Une sécheresse exigeante
Les données laissent de moins en moins de marge de manœuvre à une incrédulité coupable ou à une absence de réaction aux preuves scientifiques. Nous vivons le mois d’avril le plus sec depuis qu’il existe des records, c’est-à-dire depuis plus de 60 ans. S’il est vrai que les sécheresses font partie de l’histoire de l’Espagne, il est également vrai que jamais auparavant elles n’ont eu le drame que leur donne le contexte actuel de changement climatique, qui comprend une tendance sans équivoque à une moindre disponibilité de l’eau. Le rapport du service Copernicus de la Commission européenne montre que les températures en Europe augmentent deux fois plus que la moyenne mondiale, avec des effets spécifiques qui commencent déjà à être perçus dans toute leur dureté et sans rien laisser penser que la tendance s’atténue. Nous sommes dans un nombre record de jours officiellement déclarés vagues de chaleur, accompagnés d’une longue sécheresse. En 2022, 63 % des rivières européennes avaient des débits inférieurs à la moyenne.
Ce qui est paradoxal en Espagne, c’est que l’évidence des connaissances scientifiques est combattue en commettant des erreurs comme la légalisation de l’irrigation à Doñana ou la demande de transferts qui ne font qu’alimenter de faux espoirs. Nous sommes absurdes que la solution au manque d’eau soit « plus d’eau ». Il est urgent de mettre en œuvre des politiques d’adaptation qui reconsidèrent les secteurs productifs les plus touchés en cohérence avec le nouveau scénario de changement climatique et les prévisions de disponibilité en eau. L’industrie et les usages domestiques doivent être repensés et optimiser l’efficacité, mais le plus grand défi réside dans le secteur agricole, qui consomme environ 80 % de l’eau en Espagne.
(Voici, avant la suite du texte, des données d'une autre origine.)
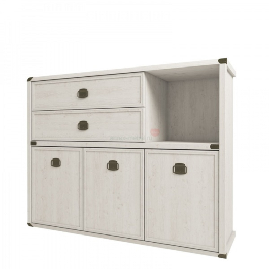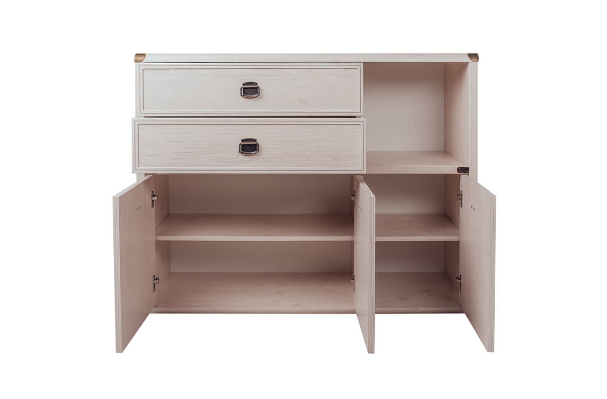 Тумба Магеллан впечатляет своей основательностью и тем, сколько вещей способна вместить, разгрузив пространство гостиной. В выдвижных ящиках с телескопическими направляющими можно разложить и с легкостью достать в нужный момент столовое белье. Две нижние секции с глухими дверцами обеспечат место для посуды, сервировочных аксессуаров, чайных и ароматических свечей, праздничного декора. Модель выдержана в морском стиле, нашедшем выражение в отделке: накладных металлизированных уголках и ручках-кольцах, как на корабельных рундуках. -
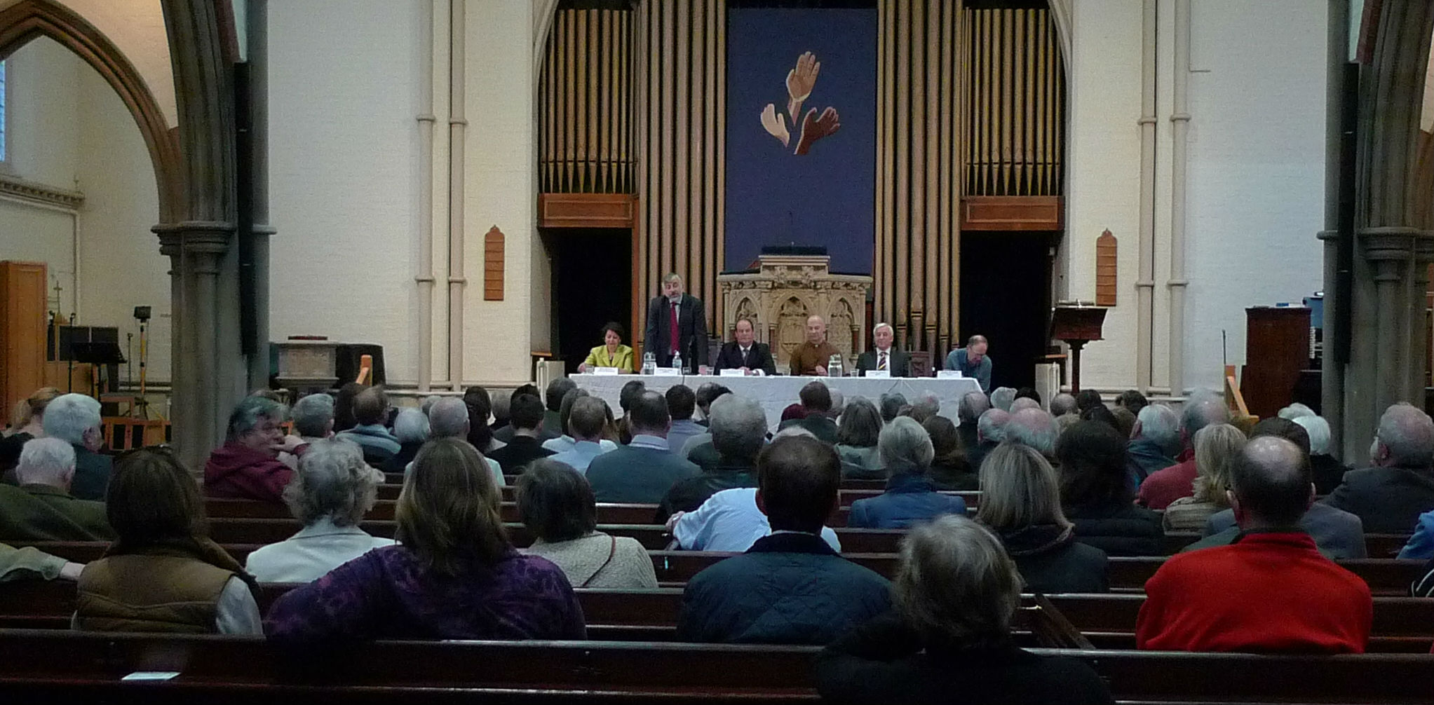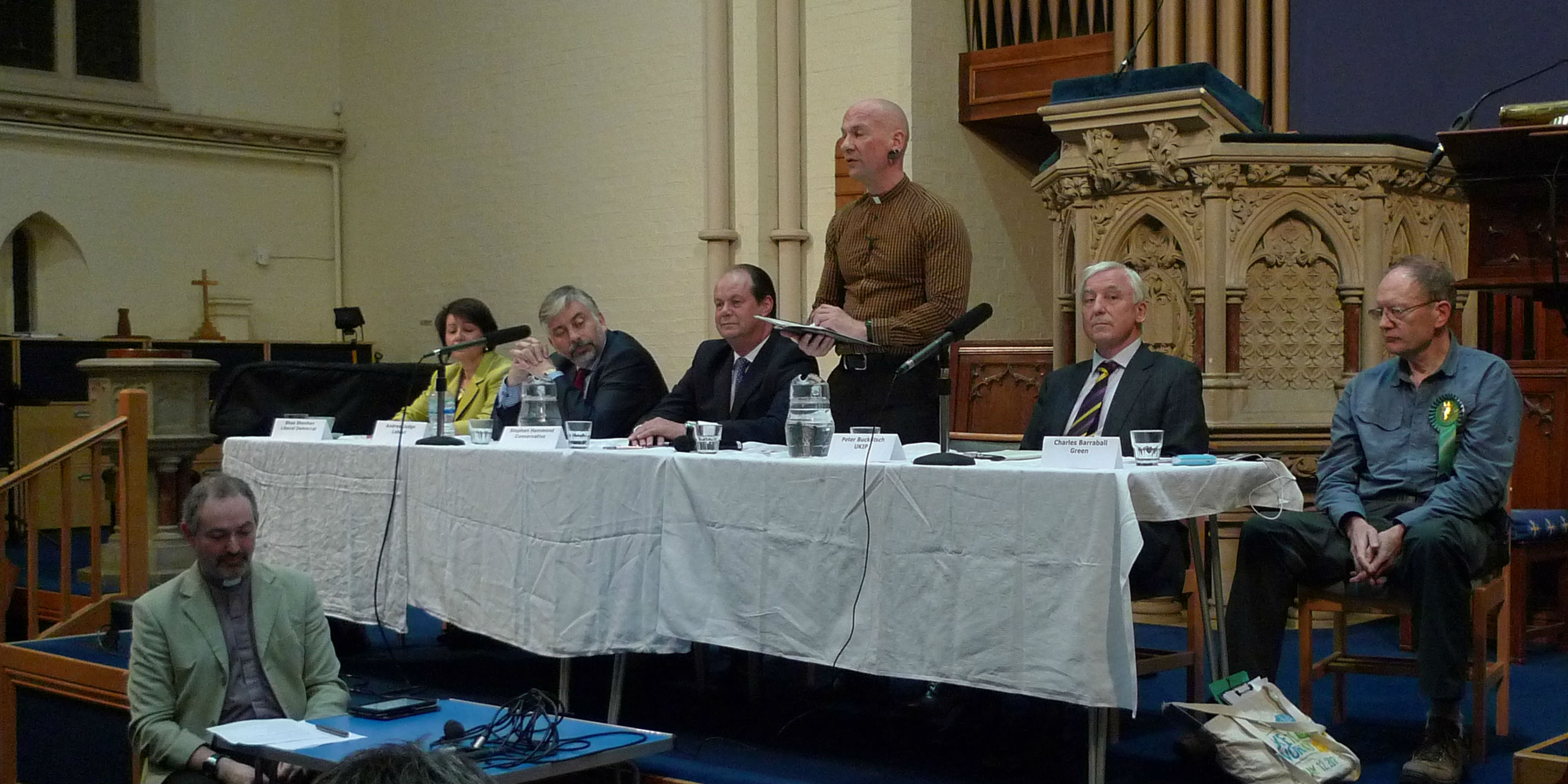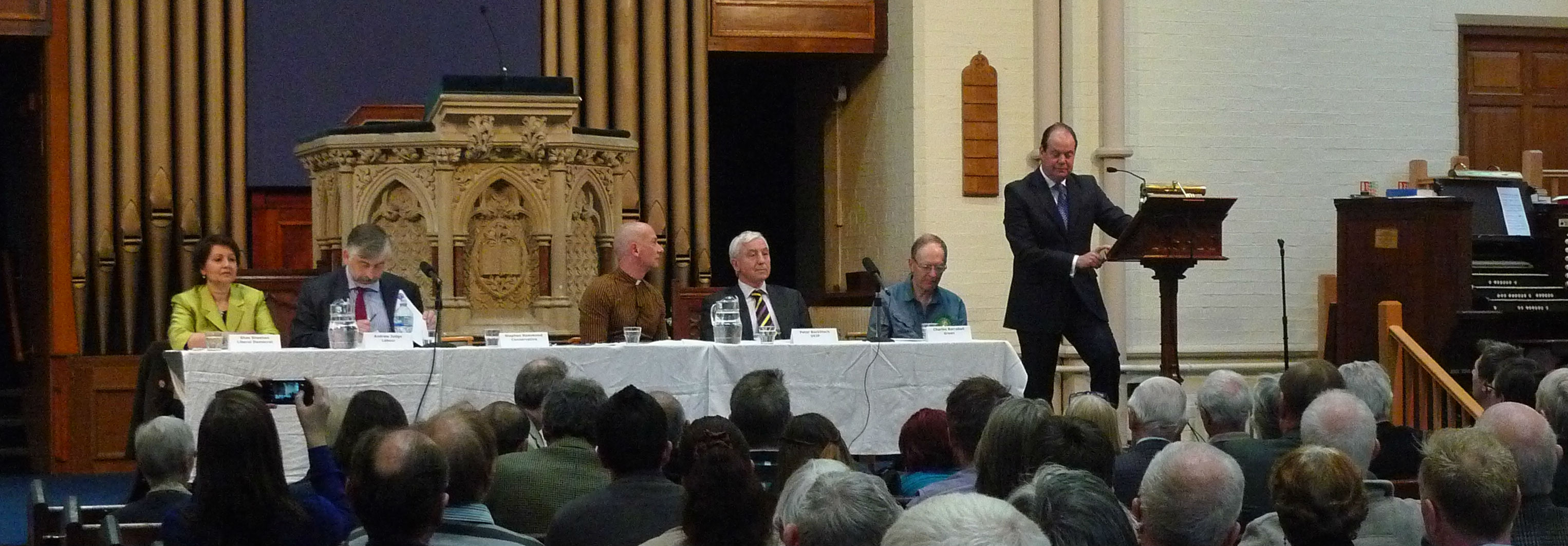 There was a good turnout this evening (Tuesday 21 April) to hear the five candidates for our constituency. Chaired by the Revd Clive Gardner of St Mark’s church, the Conservative, Green, Labour, Lib Dem and UKIP candidates introduced themselves, and spoke of their recent campaigns and their hopes for the future, and fielded questions from the audience.

Une restructuration de ce secteur pour garantir sa viabilité implique de revoir l’adéquation des cultures aux territoires dans lesquels elles sont implantées, étant donné que beaucoup d’entre elles ont été cultivées il y a des décennies sans tenir compte de leur durabilité. Une fois le type de culture repensé, il faudra le dimensionner pour s’assurer d’une ressource en eau suffisante, et enfin, maximiser les économies et l’efficacité, un aspect sur lequel des progrès considérables ont été réalisés. La Directive Cadre sur l’Eau indique que son premier utilisateur est le fleuve, seul moyen de garantir la viabilité des écosystèmes.
Tant que ces mesures ne seront pas activées, la politique de transition juste devrait garantir un soutien et un accompagnement du secteur, tant pour les agriculteurs que pour les territoires les plus touchés, comme cela se fait avec d’autres acteurs économiques. La réalité du changement climatique nous oblige à repenser des aspects cruciaux de notre modèle économique. Cacher votre tête sous terre en attendant que la pluie vienne pour laisser tout de même devrait être hors des options futures. La transition qui s’annonce demande du courage et de la véracité pour réagir à temps à un changement qui affecte et affectera notre mode de vie à l’avenir, aussi bien en ville qu’à la campagne.